= Problem description =
Of all the entries below, retype only the lines from the one with "No life is spared" through the one with "- Stainless Steel", exactly as they appear.

= Data for processing =
* * *

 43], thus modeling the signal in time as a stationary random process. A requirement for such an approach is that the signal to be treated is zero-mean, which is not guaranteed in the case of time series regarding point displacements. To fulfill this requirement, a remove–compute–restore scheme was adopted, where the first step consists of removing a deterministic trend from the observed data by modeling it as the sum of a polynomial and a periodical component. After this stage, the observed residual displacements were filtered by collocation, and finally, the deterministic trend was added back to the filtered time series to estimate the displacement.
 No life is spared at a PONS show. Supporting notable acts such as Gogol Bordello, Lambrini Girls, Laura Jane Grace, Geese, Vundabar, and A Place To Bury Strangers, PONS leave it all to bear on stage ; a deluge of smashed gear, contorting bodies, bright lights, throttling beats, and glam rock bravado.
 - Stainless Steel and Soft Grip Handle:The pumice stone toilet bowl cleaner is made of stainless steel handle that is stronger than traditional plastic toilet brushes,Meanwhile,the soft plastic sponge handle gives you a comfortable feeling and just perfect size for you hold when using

* * *

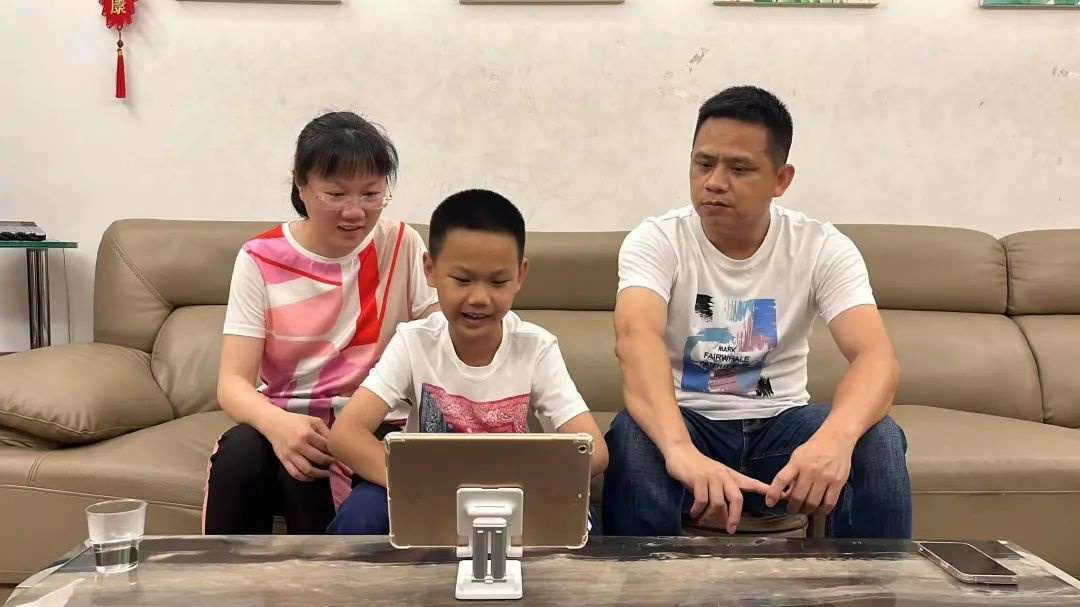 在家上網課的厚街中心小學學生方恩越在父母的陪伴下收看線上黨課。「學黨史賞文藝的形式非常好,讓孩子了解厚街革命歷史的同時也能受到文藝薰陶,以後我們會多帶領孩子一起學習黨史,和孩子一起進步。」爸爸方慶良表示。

* * *

= Output for this exercise =
 No life is spared at a PONS show. Supporting notable acts such as Gogol Bordello, Lambrini Girls, Laura Jane Grace, Geese, Vundabar, and A Place To Bury Strangers, PONS leave it all to bear on stage ; a deluge of smashed gear, contorting bodies, bright lights, throttling beats, and glam rock bravado.
 - Stainless Steel and Soft Grip Handle:The pumice stone toilet bowl cleaner is made of stainless steel handle that is stronger than traditional plastic toilet brushes,Meanwhile,the soft plastic sponge handle gives you a comfortable feeling and just perfect size for you hold when using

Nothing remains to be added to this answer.